Creating customers table
I’ve created a minimum customer table for this example. Customer will have Id, Company and Country fields. Here’s the SQL code to create the table:
USE [mySalesData]
GO
SET ANSI_NULLS ON
GO
SET QUOTED_IDENTIFIER ON
GO
CREATE TABLE [dbo].[customers](
[id] [int] NOT NULL,
[company] [nchar](30) NOT NULL,
[country] [nchar](30) NOT NULL,
CONSTRAINT [PK_customers] PRIMARY KEY CLUSTERED
(
[id] ASC
)WITH (PAD_INDEX = OFF, STATISTICS_NORECOMPUTE = OFF,
IGNORE_DUP_KEY = OFF, ALLOW_ROW_LOCKS = ON,
ALLOW_PAGE_LOCKS = ON) ON [PRIMARY]
) ON [PRIMARY]
GO
If everything went well, go on and add some sample data to that table. I’ve added these:
insert into customers (id,company,country) values(1,'Company A', 'USA')
insert into customers (id,company,country) values(2,'Company B', 'USA')
insert into customers (id,company,country) values(3,'Company C', 'Canada')
insert into customers (id,company,country) values(4,'Company D', 'Denmark')
insert into customers (id,company,country) values(5,'Company E', 'Egypt')
insert into customers (id,company,country) values(6,'Company F', 'France')
As you can see, I’ve created 6 different customers from 5 different countries. For simplicity, customers are called Company A-F.
Creating products table
Another simple table for products data. Products table will have 4 fields: Id, Code, Category and Name. Here’s my SQL create code:
USE [mySalesData]
GO
SET ANSI_NULLS ON
GO
SET QUOTED_IDENTIFIER ON
GO
CREATE TABLE [dbo].[products](
[id] [int] NOT NULL,
code [nchar](10) NULL,
[category] [nchar](15) NULL,
[name] [nchar](30) NULL,
CONSTRAINT [PK_products] PRIMARY KEY CLUSTERED
(
[id] ASC
)WITH (PAD_INDEX = OFF, STATISTICS_NORECOMPUTE = OFF,
IGNORE_DUP_KEY = OFF, ALLOW_ROW_LOCKS = ON,
ALLOW_PAGE_LOCKS = ON) ON [PRIMARY]
) ON [PRIMARY]
GO
Now we also need to add some sample data to that table. I’ll create a simple set of computer store products.
insert into products (id, code, category, name) values(1, 'PROC01', 'Processors', 'Processor A')

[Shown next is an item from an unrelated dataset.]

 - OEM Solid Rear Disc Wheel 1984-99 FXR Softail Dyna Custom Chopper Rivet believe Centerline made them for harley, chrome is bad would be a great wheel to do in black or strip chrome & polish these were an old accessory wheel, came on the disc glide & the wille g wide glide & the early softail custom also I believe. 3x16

insert into products (id, code, category, name) values(2, 'PROC02', 'Processors', 'Processor B')
insert into products (id, code, category, name) values(3, 'PROC03', 'Processors', 'Processor C')
insert into products (id, code, category, name) values(4, 'PROC04', 'Processors', 'Processor D')

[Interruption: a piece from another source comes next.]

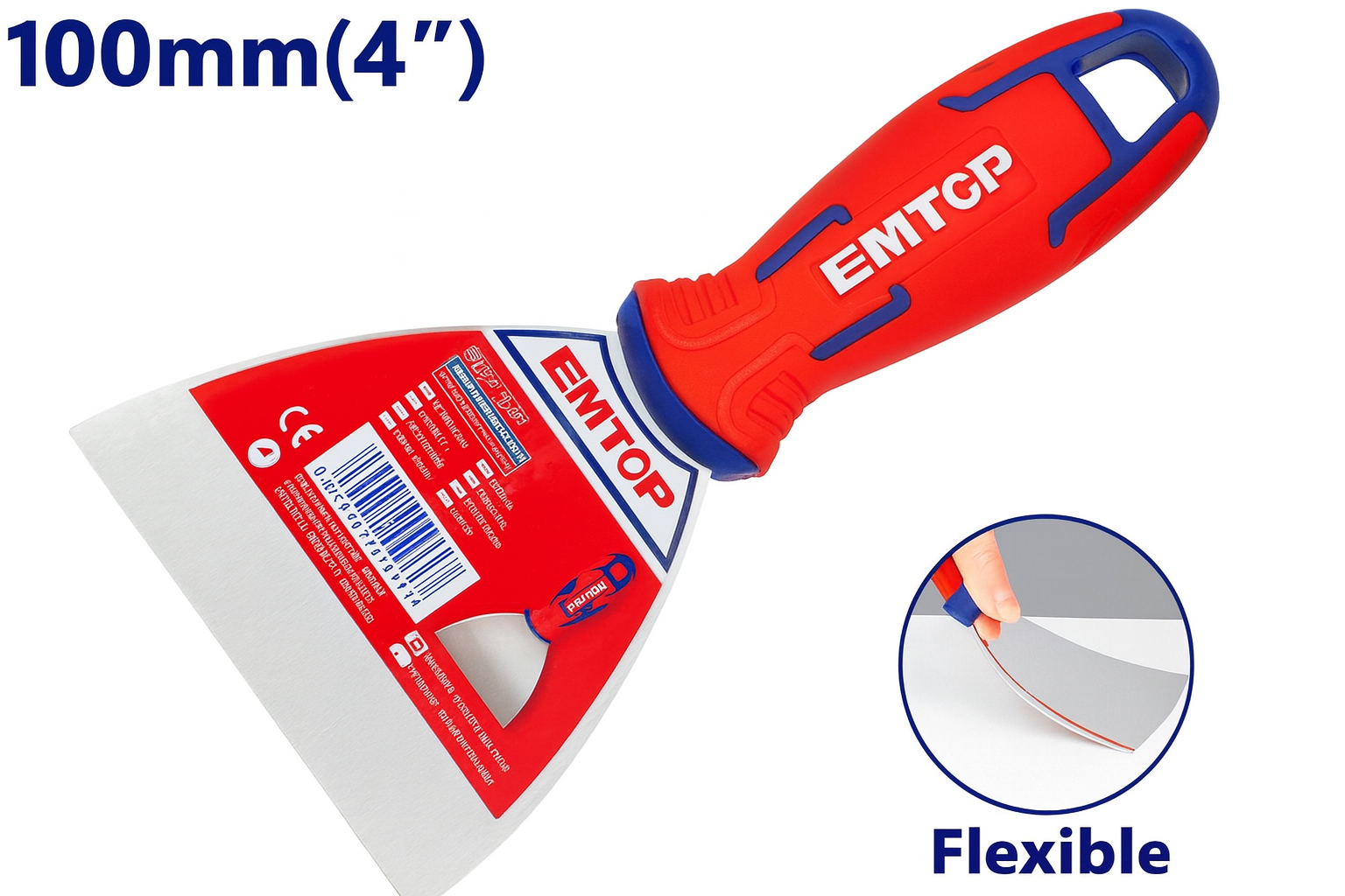 Espátula para masilla de 100 mm (4") en acero inoxidable con mango bicolor

insert into products (id, code, category, name) values(5, 'PROC05', 'Processors', 'Processor E')
insert into products (id, code, category, name) values(6, 'MEMO01', 'Memory', 'Memory 64MB')

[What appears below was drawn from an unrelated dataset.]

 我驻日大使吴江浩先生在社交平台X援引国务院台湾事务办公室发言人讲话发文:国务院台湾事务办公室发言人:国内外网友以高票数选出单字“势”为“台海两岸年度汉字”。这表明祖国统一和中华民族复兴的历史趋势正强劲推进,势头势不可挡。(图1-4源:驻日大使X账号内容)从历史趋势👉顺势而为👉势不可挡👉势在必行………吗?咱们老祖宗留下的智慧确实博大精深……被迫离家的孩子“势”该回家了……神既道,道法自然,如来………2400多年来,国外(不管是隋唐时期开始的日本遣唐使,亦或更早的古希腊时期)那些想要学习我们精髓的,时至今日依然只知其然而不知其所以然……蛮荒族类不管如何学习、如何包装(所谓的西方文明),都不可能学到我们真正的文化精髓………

insert into products (id, code, category, name) values(7, 'MEMO02', 'Memory', 'Memory 128MB')
insert into products (id, code, category, name) values(8, 'MEMO03', 'Memory', 'Memory 265MB')
insert into products (id, code, category, name) values(9, 'MEMO04', 'Memory', 'Memory 512MB')
insert into products (id, code, category, name) values(10, 'MEMO05', 'Memory', 'Memory 1GB')
insert into products (id, code, category, name) values(11, 'MTBD01', 'MotherBoards', 'MotherBoard A')
insert into products (id, code, category, name) values(12, 'MTBD02', 'MotherBoards', 'MotherBoard B')
insert into products (id, code, category, name) values(13, 'MTBD03', 'MotherBoards', 'MotherBoard C')
insert into products (id, code, category, name) values(14, 'MTBD04', 'MotherBoards', 'MotherBoard D')
insert into products (id, code, category, name) values(15, 'MTBD05', 'MotherBoards', 'MotherBoard E')
insert into products (id, code, category, name) values(16, 'DISK01', 'HardDisks', 'Hard disk 100G')
insert into products (id, code, category, name) values(17, 'DISK02', 'HardDisks', 'Hard disk 200G')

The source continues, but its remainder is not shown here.